## Problem details:
Please retype every entry as written, and keep the pictures out.

## Input:

=-=-=

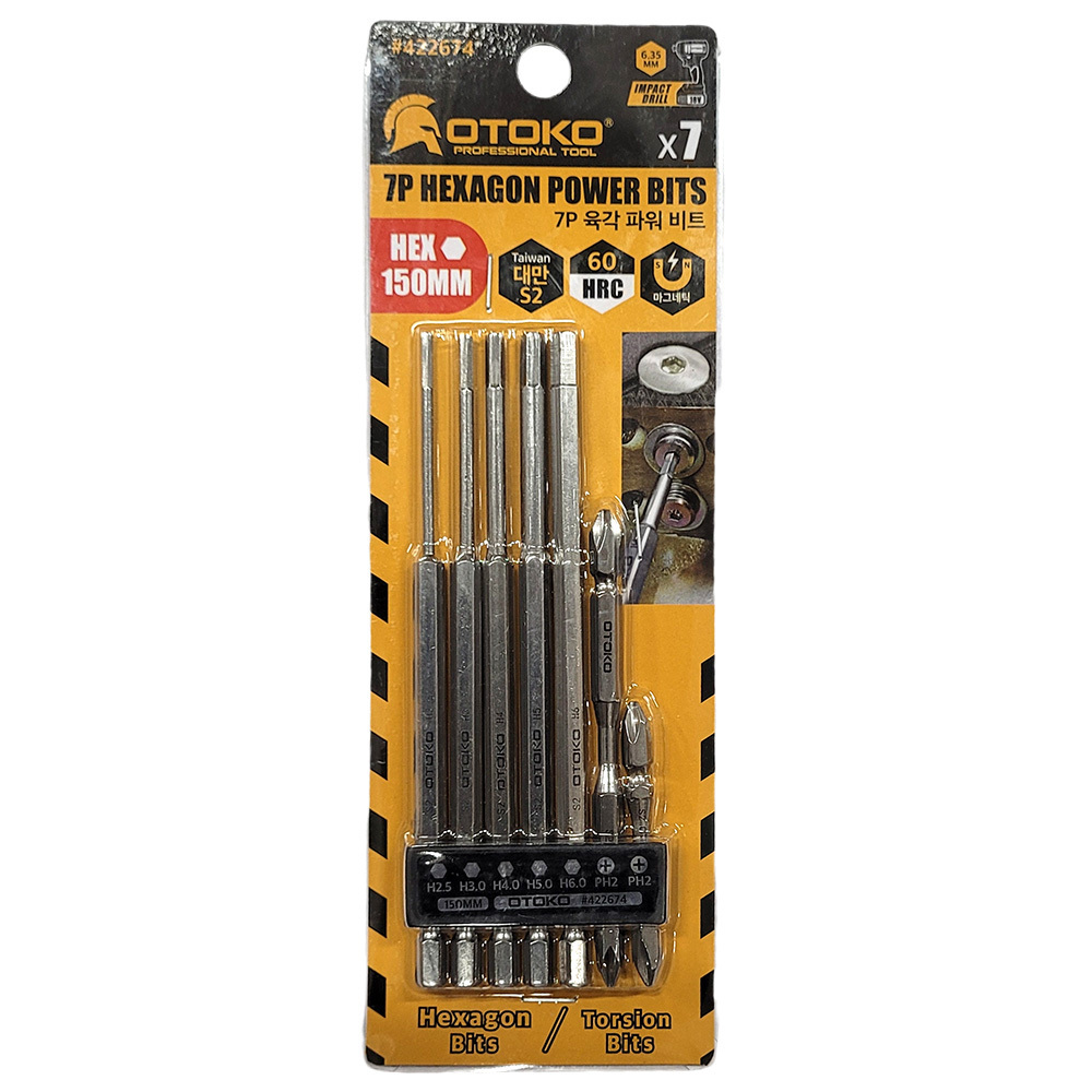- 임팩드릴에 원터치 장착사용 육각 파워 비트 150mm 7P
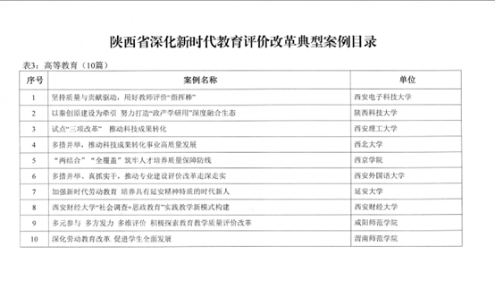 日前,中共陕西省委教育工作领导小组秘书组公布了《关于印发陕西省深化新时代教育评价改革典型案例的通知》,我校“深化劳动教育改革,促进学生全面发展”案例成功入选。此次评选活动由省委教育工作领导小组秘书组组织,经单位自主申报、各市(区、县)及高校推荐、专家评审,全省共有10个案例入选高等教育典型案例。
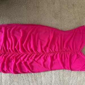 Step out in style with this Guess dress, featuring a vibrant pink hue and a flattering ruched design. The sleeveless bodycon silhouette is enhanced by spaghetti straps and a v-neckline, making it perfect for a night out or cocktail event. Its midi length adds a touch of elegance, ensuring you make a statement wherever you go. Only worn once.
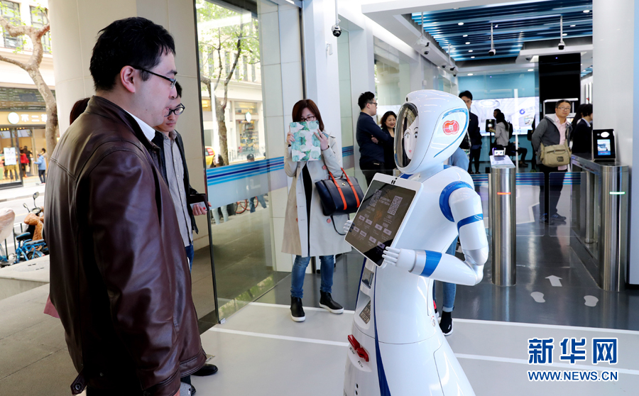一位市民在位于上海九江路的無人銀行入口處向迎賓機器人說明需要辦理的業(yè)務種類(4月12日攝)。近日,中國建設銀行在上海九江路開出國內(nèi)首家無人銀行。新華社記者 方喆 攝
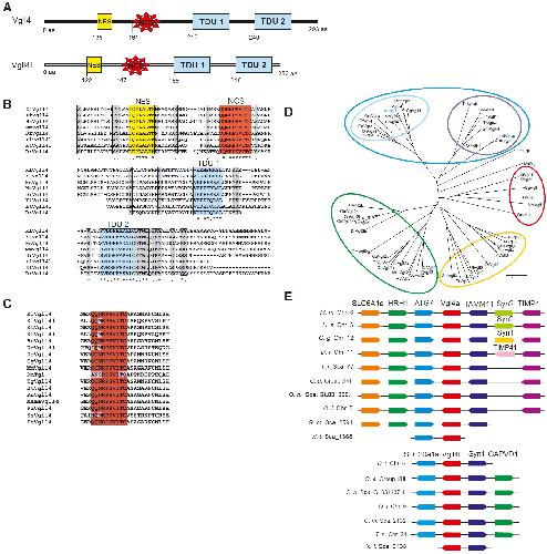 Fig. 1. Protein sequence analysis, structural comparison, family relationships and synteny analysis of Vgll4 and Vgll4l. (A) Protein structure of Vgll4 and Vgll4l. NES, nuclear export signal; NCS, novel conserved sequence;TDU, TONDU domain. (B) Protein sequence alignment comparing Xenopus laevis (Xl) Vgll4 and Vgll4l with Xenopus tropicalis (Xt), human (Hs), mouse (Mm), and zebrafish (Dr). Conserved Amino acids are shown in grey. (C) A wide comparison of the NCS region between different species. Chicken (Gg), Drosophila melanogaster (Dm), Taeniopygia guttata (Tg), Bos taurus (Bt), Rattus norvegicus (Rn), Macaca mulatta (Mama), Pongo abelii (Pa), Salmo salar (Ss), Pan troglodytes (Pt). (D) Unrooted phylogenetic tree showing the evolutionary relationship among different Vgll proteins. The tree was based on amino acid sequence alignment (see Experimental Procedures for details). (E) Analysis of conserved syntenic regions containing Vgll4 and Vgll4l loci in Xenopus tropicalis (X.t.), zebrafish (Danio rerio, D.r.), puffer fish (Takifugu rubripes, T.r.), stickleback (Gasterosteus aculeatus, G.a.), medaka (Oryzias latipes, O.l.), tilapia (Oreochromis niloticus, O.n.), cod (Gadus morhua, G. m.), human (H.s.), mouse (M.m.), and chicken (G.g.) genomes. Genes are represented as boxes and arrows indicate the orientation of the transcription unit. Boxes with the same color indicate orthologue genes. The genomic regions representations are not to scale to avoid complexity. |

=-=-=

## Output of the task:
- 임팩드릴에 원터치 장착사용 육각 파워 비트 150mm 7P
 日前,中共陕西省委教育工作领导小组秘书组公布了《关于印发陕西省深化新时代教育评价改革典型案例的通知》,我校“深化劳动教育改革,促进学生全面发展”案例成功入选。此次评选活动由省委教育工作领导小组秘书组组织,经单位自主申报、各市(区、县)及高校推荐、专家评审,全省共有10个案例入选高等教育典型案例。
 Step out in style with this Guess dress, featuring a vibrant pink hue and a flattering ruched design. The sleeveless bodycon silhouette is enhanced by spaghetti straps and a v-neckline, making it perfect for a night out or cocktail event. Its midi length adds a touch of elegance, ensuring you make a statement wherever you go. Only worn once.
一位市民在位于上海九江路的無人銀行入口處向迎賓機器人說明需要辦理的業(yè)務種類(4月12日攝)。近日,中國建設銀行在上海九江路開出國內(nèi)首家無人銀行。新華社記者 方喆 攝
 Fig. 1. Protein sequence analysis, structural comparison, family relationships and synteny analysis of Vgll4 and Vgll4l. (A) Protein structure of Vgll4 and Vgll4l. NES, nuclear export signal; NCS, novel conserved sequence;TDU, TONDU domain. (B) Protein sequence alignment comparing Xenopus laevis (Xl) Vgll4 and Vgll4l with Xenopus tropicalis (Xt), human (Hs), mouse (Mm), and zebrafish (Dr). Conserved Amino acids are shown in grey. (C) A wide comparison of the NCS region between different species. Chicken (Gg), Drosophila melanogaster (Dm), Taeniopygia guttata (Tg), Bos taurus (Bt), Rattus norvegicus (Rn), Macaca mulatta (Mama), Pongo abelii (Pa), Salmo salar (Ss), Pan troglodytes (Pt). (D) Unrooted phylogenetic tree showing the evolutionary relationship among different Vgll proteins. The tree was based on amino acid sequence alignment (see Experimental Procedures for details). (E) Analysis of conserved syntenic regions containing Vgll4 and Vgll4l loci in Xenopus tropicalis (X.t.), zebrafish (Danio rerio, D.r.), puffer fish (Takifugu rubripes, T.r.), stickleback (Gasterosteus aculeatus, G.a.), medaka (Oryzias latipes, O.l.), tilapia (Oreochromis niloticus, O.n.), cod (Gadus morhua, G. m.), human (H.s.), mouse (M.m.), and chicken (G.g.) genomes. Genes are represented as boxes and arrows indicate the orientation of the transcription unit. Boxes with the same color indicate orthologue genes. The genomic regions representations are not to scale to avoid complexity. |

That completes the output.